**Exercise:** Among the lines below, output only those between the line holding "شیشه شیر 240" and the line holding "7 月 25 日,商務部、浙江省人民政府共同主辦的", inclusive, exactly as written and with no pictures.

___ Material to process ___

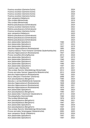 Acer campestre (Feldahorn) 2023 Acer campestre (Feldahorn) 2019 Fraxinus excelsior (Gemeine Esche) 2024 Carpinus betulus 'Fastigiata' (Säulenhainbuche) 2017 2023 Carpinus betulus 'Frans Fontaine' (Schlanke Säulenhainbuche) 2017 2025 Acer campestre 'Korinthosz' (Feldahorn) 2017 2019 Fraxinus excelsior 'Globosa' (Kugelesche) 1947 2023 Fraxinus excelsior 'Globosa' (Kugelesche) 1947 2019 Fraxinus ornus 'Obelisk' (Säulenblumenesche) 2015 2025 Fraxinus excelsior 'Globosa' (Kugelesche) 1940 2025 Fraxinus excelsior 'Globosa' (Kugelesche) 1947 2025 Fraxinus excelsior 'Globosa' (Kugelesche) 1977 2019 Fraxinus excelsior 'Globosa' (Kugelesche) 1947 2025 Fraxinus excelsior 'Globosa' (Kugelesche) 1940 2022 Fraxinus excelsior 'Globosa' (Kugelesche) 1940 2024 Fraxinus excelsior 'Globosa' (Kugelesche) 1940 2019 Tilia x euchlora (Krimlinde) 1940 2022 Tilia cordata (Winterlinde) 1957 2025 Tilia cordata (Winterlinde) 1940 2025 Tilia cordata (Winterlinde) 1940 2019 Tilia cordata (Winterlinde) 1940 2021 Tilia cordata (Winterlinde) 1882 2021 Ulmus minor (Feldulme) 2025 Fraxinus excelsior (Gemeine Esche) 2025 Fraxinus excelsior (Gemeine Esche) 2025 Acer platanoides (Spitzahorn) 2025 Juglans regia (Walnussbaum) 1940 2019 Juglans regia (Walnussbaum) 2019 2024 Juglans regia (Walnussbaum) 1940 2025 Tilia cordata (Winterlinde) 1940 2021 Aesculus x carnea (Rotblühende Kastanie) 1977 2020 Tilia tomentosa 'Brabant' (Silberlinde) 2021 2022 Aesculus hippocastanum (Rosskastanie) 1832 2019 Juglans regia (Walnussbaum) 2019 2020 Juglans regia (Walnussbaum) 2017 2023 Juglans regia (Walnussbaum) 2000 2022 Juglans regia (Walnussbaum) 2023 2024 Juglans regia (Walnussbaum) 2009 2023 Juglans regia (Walnussbaum) 1940 2025 Carpinus betulus 'Frans Fontaine' (Schlanke Säulenhainbuche) 2017 2019 Fraxinus excelsior (Gemeine Esche) 2022 Juglans regia (Walnussbaum) 2022 Populus nigra (Schwarzpappel) 2022 Juglans regia (Walnussbaum) 1947 2024 Juglans regia (Walnussbaum) 1988 2025 Fraxinus excelsior (Gemeine Esche) 2024 Fraxinus excelsior (Gemeine Esche) 2022 Fraxinus excelsior (Gemeine Esche) 2024 Acer pseudoplatanus (Bergahorn) 1950 2019 Tilia tomentosa 'Brabant' (Silberlinde) 2020 2022 Tilia tomentosa 'Brabant' (Silberlinde) 2023 2025
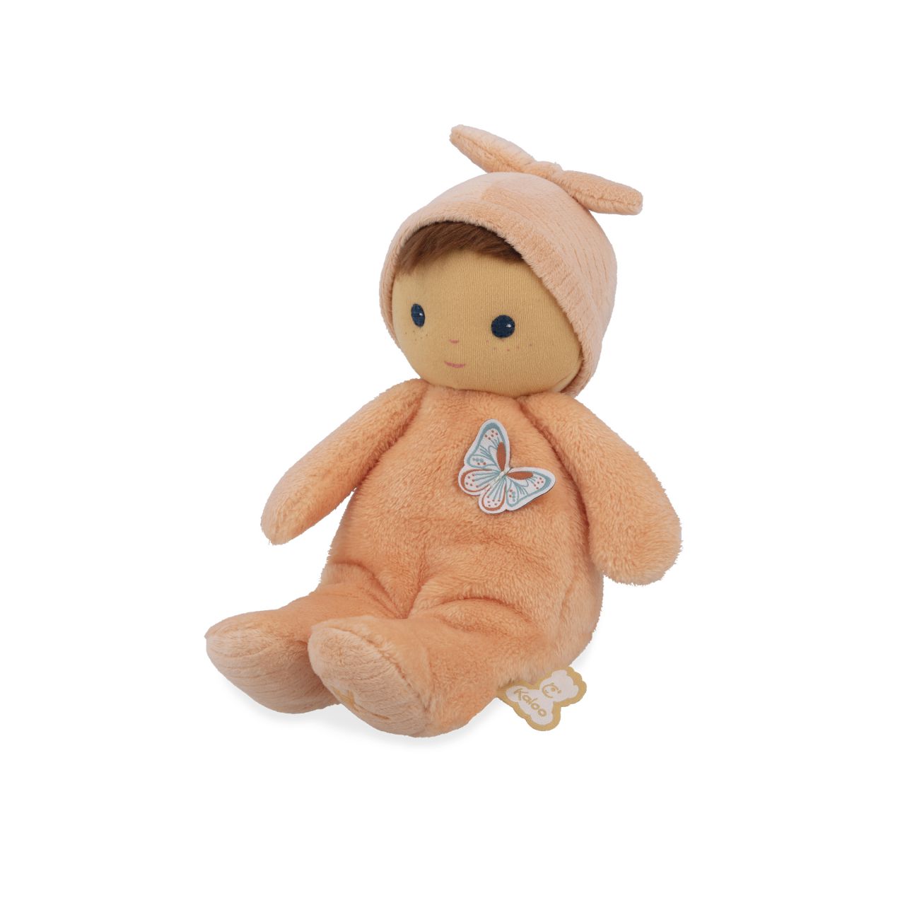 🌼 Diseño adorable: Cuerpo color melocotón, brillantes ojos azules y un sombrerito atado que invita al juego.
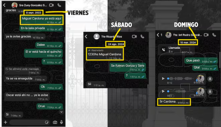 Una imagen publicada por ABC Color confirma las visitas del empresario Miguel Cardona, principal accionista de Comepar S.A., a la residencia presidencial Mburuvicha Roga. Cardona es el mayor beneficiado del programa “Hambre Cero”, impulsado por el presidente Santiago Peña, con contratos que superan los G. 2 billones. Las visitas ocurrieron antes, durante y después del lanzamiento del plan, incluso en horarios nocturnos y fines de semana, según capturas de mensajes entregadas por la exempleada Luz Candado.
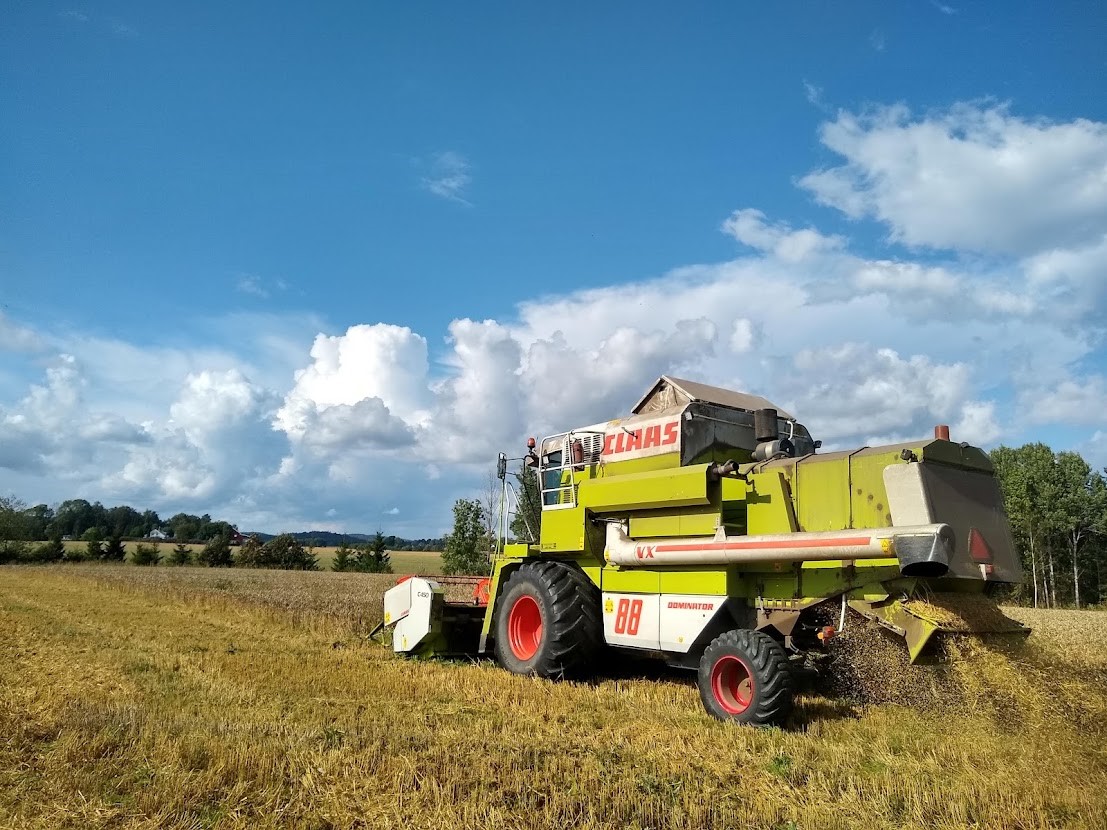 Da er vi godt i gang med å treske høsthveten. Vi begynte allerede 5. august på det tidligste skiftet. Det holdt 20% vann og er nå nedtørket og klart for levering. Forhåndsprøva viser matkvalitet med hl vekt på 79, falltall 290 og protein% på over 14! Resten av høsthveten tresker vi i dag og i morgen hvis været holder seg.
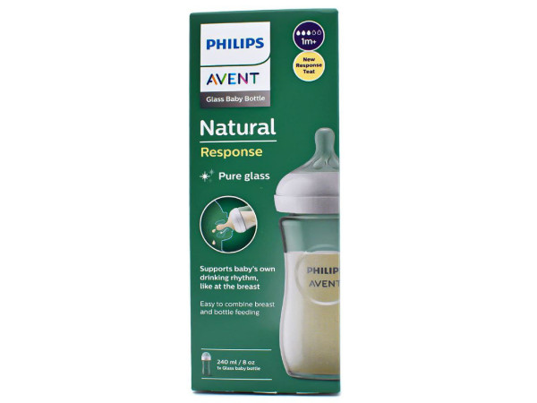 شیشه شیر 240 میل پیرکس، نچرال، ریسپانس، جنس بطری ساخته شده از شیشه بوروسیلیکات مقاوم در برابر حرارت و شوک های ضربه ای و حرارتی، سرشیشه این محصول از نوع نچرال ریسپانس، ساخته شده از سیلیکون 100 درصد طبیعی نچرال، مجهز به دریچه ضد کولیک، طراحی آرگونومیک خوش دست در هر زاویه، تقلید و شبیه سازی سینه طبیعی مادر، سیستم ضد ریزش و ضد چکه، ساخت کمپانی فیلیپس اونت، کشور مبدا: هلند.
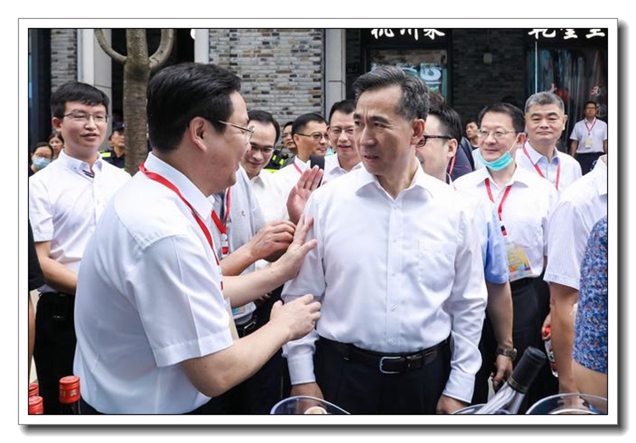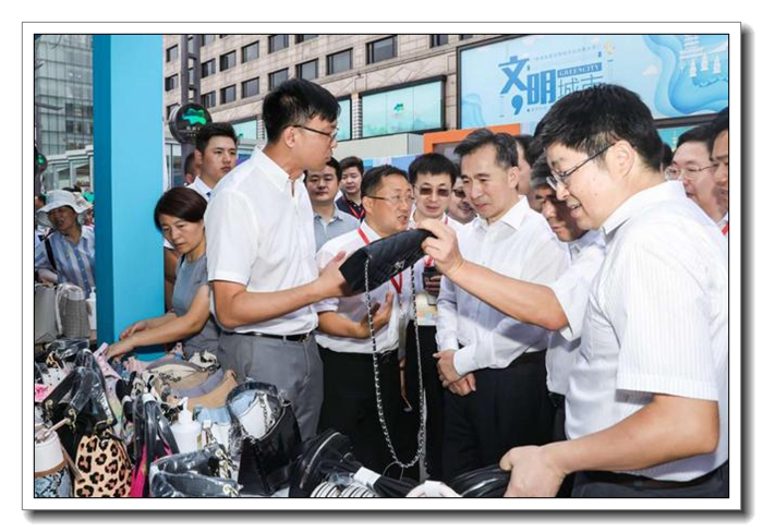7 月 25 日,商務部、浙江省人民政府共同主辦的 “外貿優品匯,扮靚步行街”出口產品轉內銷(杭州站)活動周在杭州湖濱步行街啟動。作為省國貿集團下屬商貿旗艦企業,浙江土畜集團堅決貫徹國家構建國內國際雙循環的決策部署,加快開拓出口轉內貿渠道,積極組織 5 個出口業務部,設立 8 個展位銷售箱包、服裝、遮陽傘、口罩、保溫杯、香薰等優質出口產品。商務部部長助理任鴻斌、浙江省人民政府副省長朱從玖親自蒞臨活動現場指導工作。
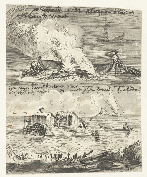 Editor: We're looking at George Cruikshank's etching, "An Eruption of Mount Vesuvius," likely from 1815. The scene is chaotic, almost apocalyptic. There’s this... theatrical destruction, but also a clear satirical intent. How do you interpret this combination of disaster and humor? Curator: It’s vital to understand this print in its socio-political context. Consider the title extends to "… and the anticipated Effects of the WATERLOO Storm.” Vesuvius's eruption likely stands as a metaphor. What do you know about the immediate aftermath of the Napoleonic Wars at that time? Editor: I remember vaguely learning about it. Something about redrawing the map of Europe, new rising empires… Curator: Precisely. Britain, having defeated Napoleon, stood at a crossroads. Cruikshank, a prolific caricaturist, uses the volcano as a visual representation of political upheaval. Those falling figures – are they generic victims, or do they represent specific political figures, possibly connected to France or Napoleon's shattered empire? Editor: I see figures tumbling from the sky on the left! That seems to be answering my questions, possibly alluding to specific politicians of that time. Is the erupting volcano also a commentary on Britain’s role as an emerging superpower? Curator: A compelling reading. It suggests a concern about the social impact of a political change. By combining the imagery of natural disaster with political caricature, Cruikshank tapped into widespread anxieties about the future political and social order. Consider how prints like these, circulated widely, shaped public opinion. Editor: I see the humor now as a way to engage the public, a form of visual political commentary. It’s more than just a historical depiction of an event; it’s an editorial statement. Curator: Exactly. These satirical prints remind us that art isn’t created in a vacuum; it’s part of a broader conversation about power, society, and change. This was all very insightful; thank you.
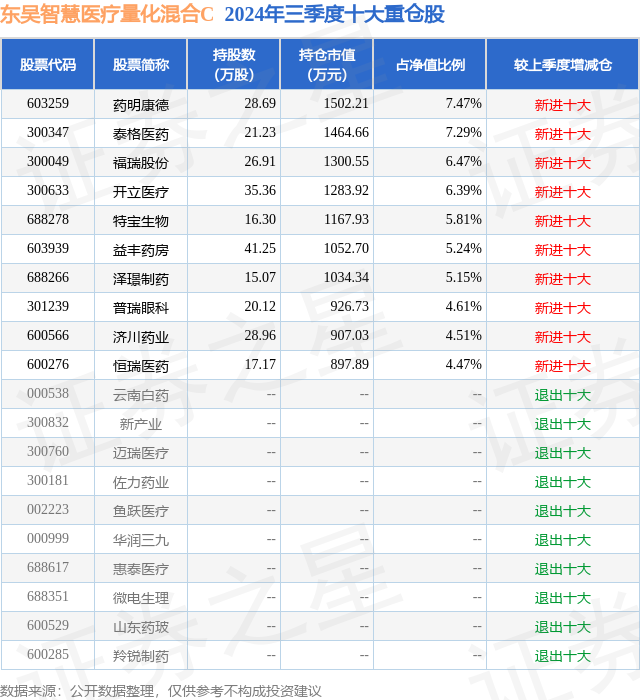 证券之星消息,日前东吴智慧医疗量化混合C基金公布三季报,2024年三季度最新规模0.92亿元,季度净值涨幅为13.49%。
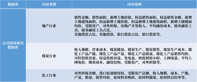 公司深度研究數據庫收錄數據的時間跨度為2011年至今,主要覆蓋地產、煤炭、化工三個行業的公司常用年度數據。地產行業包括銷售、拿地、經營和融資等方面的公司數據;煤炭行業包括煤化、煤炭、電力、貿易等業務收入和業務成本,產能、產量、銷量、銷售均價等公司數據;化工行業包括收入規模、成本、產能、產量、銷量、銷售均價、原材料采購量、原材料采購價、原材料儲量、原材料自給率等。通過分行業、分公司查詢數據。
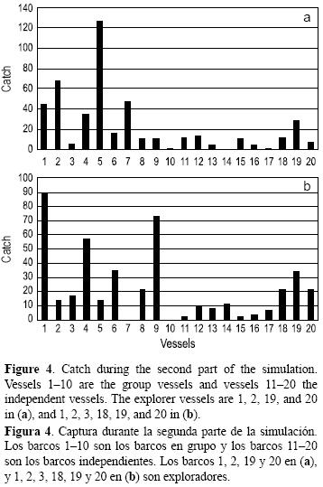 La captura obtenida por los barcos trabajando en grupo (barcos 110) y los barcos independientes (1120) en dos corridas con exploradores para ambos grupos se presenta en la figura 4. Se observa que las unidades con opción de exploración obtuvieron capturas más altas. En el primer ejemplo (fig. 4a), sólo dos barcos en grupo (1 y 2) y dos barcos independientes (19 y 20) fueron exploradores. En el segundo caso (fig. 4b), tres barcos en grupo (1, 2 y 3) y tres barcos independientes (18, 19 y 20) fueron exploradores. En general, la captura obtenida por los barcos con posibilidad de comunicación fue mayor que la de aquellos que trabajaron independientemente. Por otro lado, los exploradores de ambos tipos de barcos obtuvieron mayor éxito en la pesca. Estos cálculos se hicieron para la segunda mitad de la corrida, cuando la abundancia de la UR es menor.

___

**Response to the exercise:**
 شیشه شیر 240 میل پیرکس، نچرال، ریسپانس، جنس بطری ساخته شده از شیشه بوروسیلیکات مقاوم در برابر حرارت و شوک های ضربه ای و حرارتی، سرشیشه این محصول از نوع نچرال ریسپانس، ساخته شده از سیلیکون 100 درصد طبیعی نچرال، مجهز به دریچه ضد کولیک، طراحی آرگونومیک خوش دست در هر زاویه، تقلید و شبیه سازی سینه طبیعی مادر، سیستم ضد ریزش و ضد چکه، ساخت کمپانی فیلیپس اونت، کشور مبدا: هلند.
7 月 25 日,商務部、浙江省人民政府共同主辦的 “外貿優品匯,扮靚步行街”出口產品轉內銷(杭州站)活動周在杭州湖濱步行街啟動。作為省國貿集團下屬商貿旗艦企業,浙江土畜集團堅決貫徹國家構建國內國際雙循環的決策部署,加快開拓出口轉內貿渠道,積極組織 5 個出口業務部,設立 8 個展位銷售箱包、服裝、遮陽傘、口罩、保溫杯、香薰等優質出口產品。商務部部長助理任鴻斌、浙江省人民政府副省長朱從玖親自蒞臨活動現場指導工作。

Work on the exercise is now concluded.